タイトルの通り宗像利浩先生が、伝統ある会津・宗像窯の八代目を継ぐことになった記念の展覧会ということだった。
私は、利浩先生が宗像窯を継ぐ日はそれ程遠いことではないと思ってはいたが、昨年八代目を襲名されたということだった。
遅ればせながら、利浩先生の宗像窯八代目襲名を、心よりお慶び申し上げるとともに、益々の作陶道への精進をお祈りしたい。
小井戸茶碗
私が宗像先生と始めてお会いしたのは、第14回日本陶芸展において、宗像先生が「利鉢」で「日本陶芸展賞」を受賞した時の受賞日のことだった。
その展覧会では、飯能焼・武州飯能窯の虎澤英雄先生が「毎日新聞社賞」を受賞され、私はその作品を観に行ったのだが、ちょうどその日に授賞式があったということで、虎澤先生もその会場にいらしていた。
虎澤先生にご一緒させていただきながら、会場の作品を見ている時、技術的には優れ、綺麗にできているものは多いが、中々心に響いてくるような作品は少ない中で、宗像先生の「利鉢」の素朴な中から迫る力強さに強い感銘を受けたことを今も覚えている。
先日、この展覧会のご案内をいただき、あまり宗像先生の作品を観る機会の無い私にとってはとても喜ばしいことだったり、お会いできる機会も貴重なので、せっかくなら宗像先生のお話を伺える時間にお伺いした。
宗像先生のお話しの中で、大変ためになったのは、和食器の特徴は「器を手に取る、手に持って使う。」というお話でした。何となく言われてみれば解っていることでも、私にははっきりとは認識されていないことでした。

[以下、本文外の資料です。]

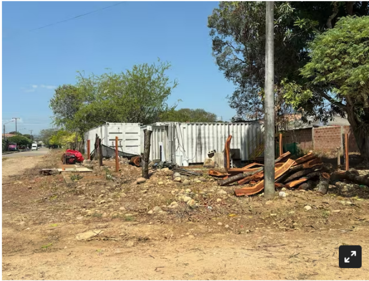
Contenedores de Helicol.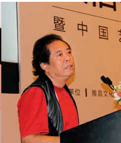
中国美术家协会秘书长刘健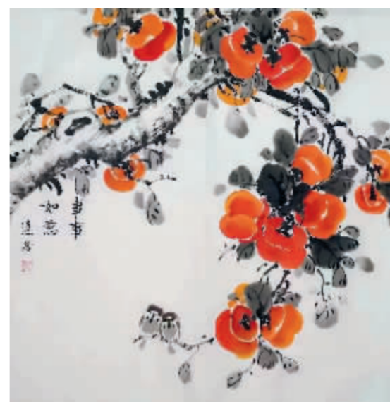
事事如意 檀连居/作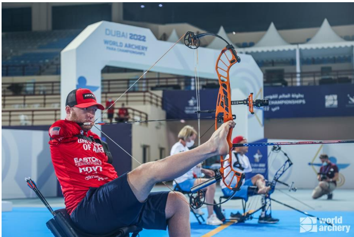
Matt Stutzman (USA)

Matt Stutzman (USA), quien perdió varios puntos en la ronda de clasificación debido a una falla en su equipamiento, se ranqueó en el puesto 54. En la ronda de partidos, sin embargo, Matt venció a sus rivales de Kazajistán, Estados Unidos, Bélgica, Italia, Australia, Irán y la Federación de Tiro con Arco de Rusia para ganar su primera medalla de oro individual en un campeonato mundial. Quesada de Costa Rica tuvo una destacada actuación y se colocó finalmente en la octava posición.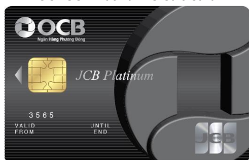
OCB-JCB Platinum Credit Card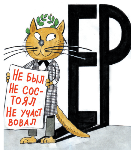
Рисунок Вячеслава Полухина

В ряде округов на кандидатов от КПРФ и их сторонников оказывается силовое давление.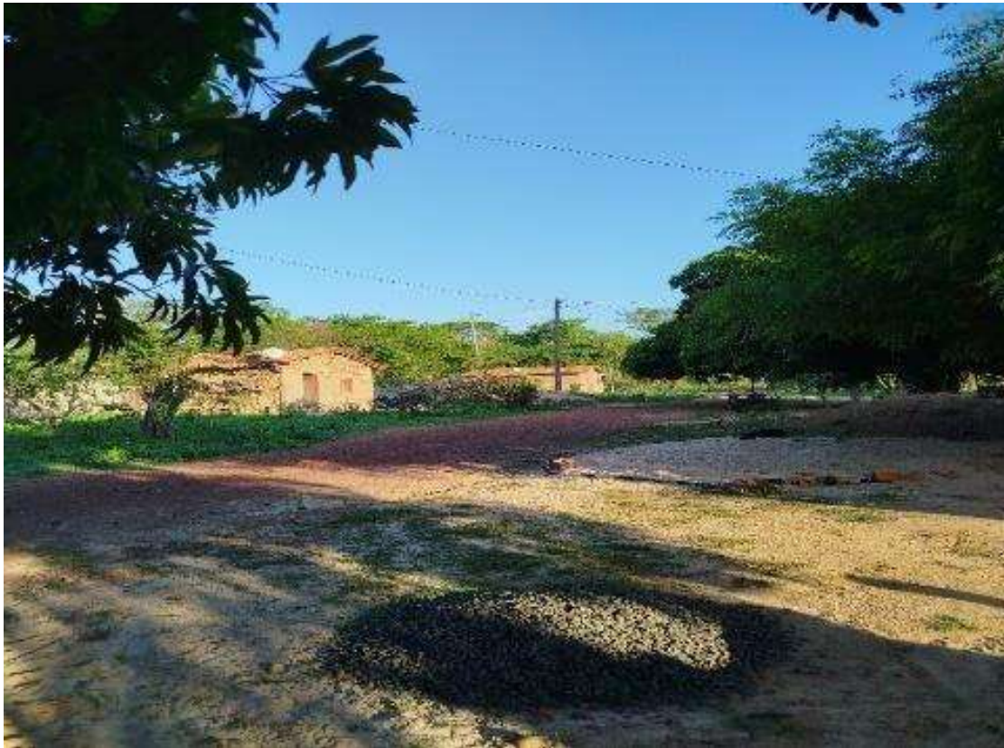
Figura 1- Vista geral da Comunidade Quilombola Mamorana

A pesquisa adota uma abordagem qualitativa, uma vez que busca compreender a complexidade dos conflitos agrários vivenciados pela Comunidade Quilombola Mamorana (Figura 1) a partir das percepções, experiências e narrativas dos sujeitos envolvidos.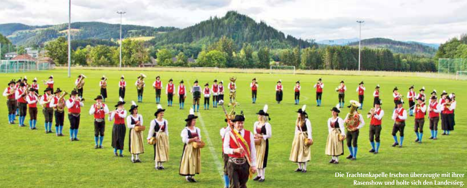
Die Trachtenkapelle Irschen überzeugte mit ihrer Rasenshow und holte sich den Landessieg.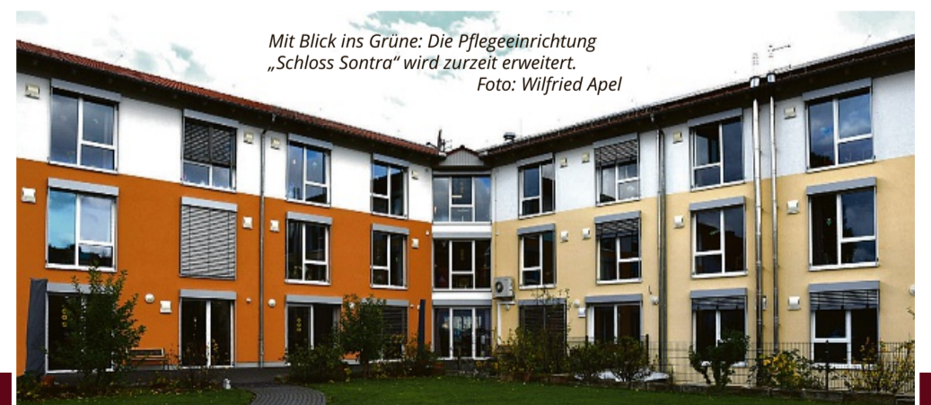
Mit Blick ins Grüne: Die Pflegeeinrichtung „Schloss Sontra“ wird zurzeit erweitert.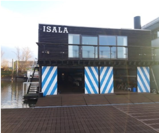
De totale breedte is 9 meter, zonder de trap links. Bij eventueel transport zou dat net moeten passen in de Roggebotsluis...

een aantal oudgedienden van Isala die bij de bouw betrokken zijn geweest. Het zou hen aan het hart gaan als de loods ontmanteld zou worden. Isala hoopt wel spoedig een gegadigde te vinden en overweegt desnoods verkoop tegen de oud-ijzerprijs, omdat de locatie in 2021 snel moet vrijkomen. Dat is ook de wens van de gemeente Zutphen.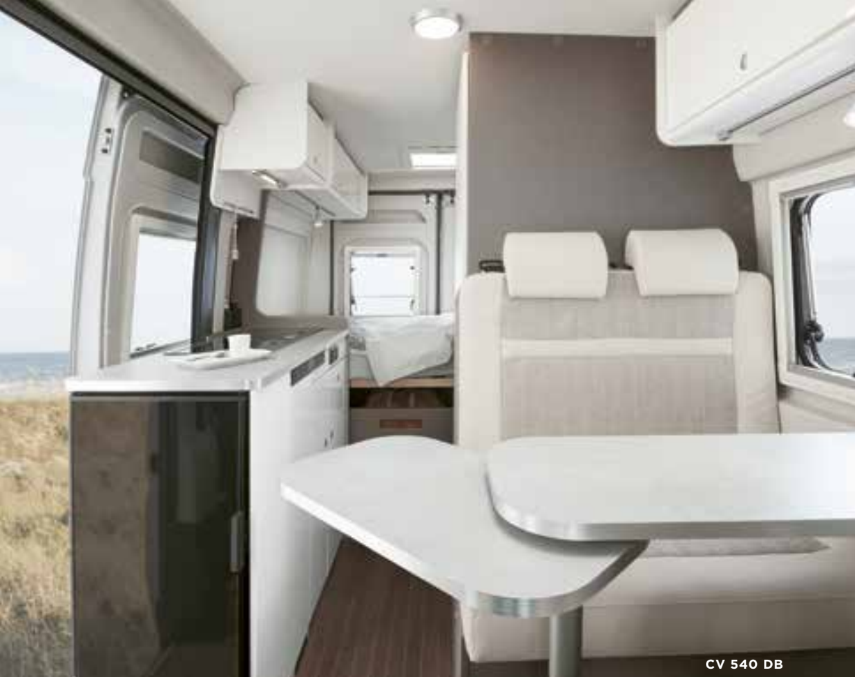
CV 540 DB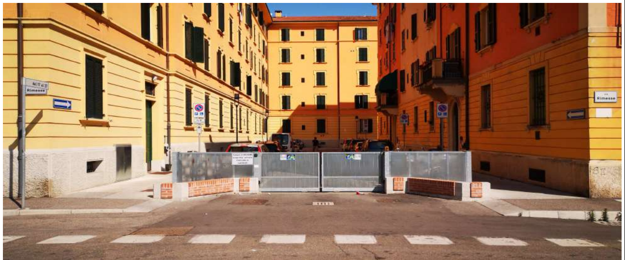
INGRESSO VIA RIMESSE 25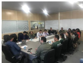
Apresentação do Programa Justiça presente à SEAP – 21/05/2019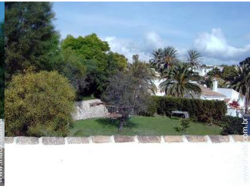
vista a partir do terraço sobre telhado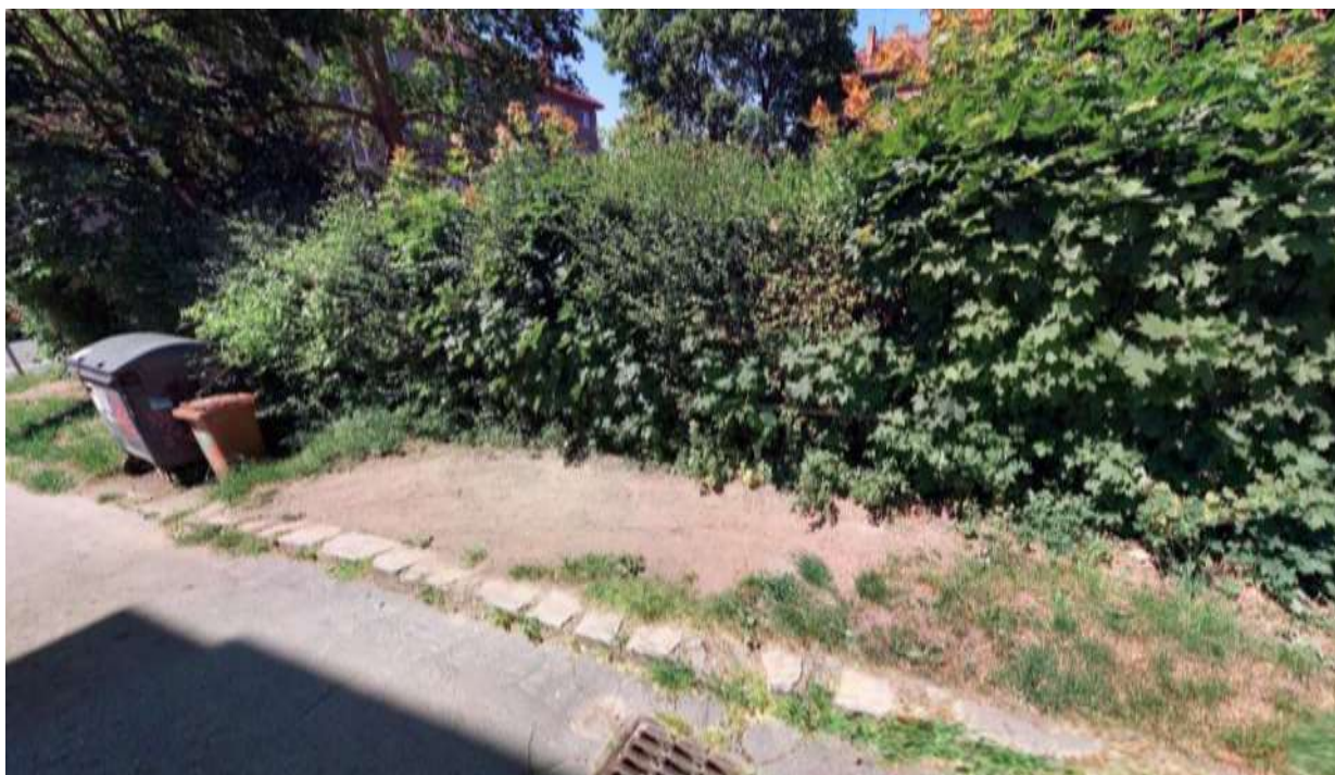
Obr. č. 30: místo, kde vlivem parkování ustoupil travnatý porost (fotografie z mapy.cz, období červen 2023, připojeno z důvodu lepší viditelnosti ústupu zeleně v období plné vegetace)

日本の食文化は、かつては椅子やテーブルを使わず、器や料理を乗せた「膳」を床に置いて食事をするのが一般的であり、すると器は口の位置からは非常に低い位置にあり、自然と器を手に持って口に運ぶということが当たり前のことだった訳で、必ず器は手にもたれて使われていました。
宗像窯は、もともと日々の生活の器をつくり続けている窯でもあり、今でも和食器として、手に持った時のバランスや使い心地、触覚を大切にしているということです。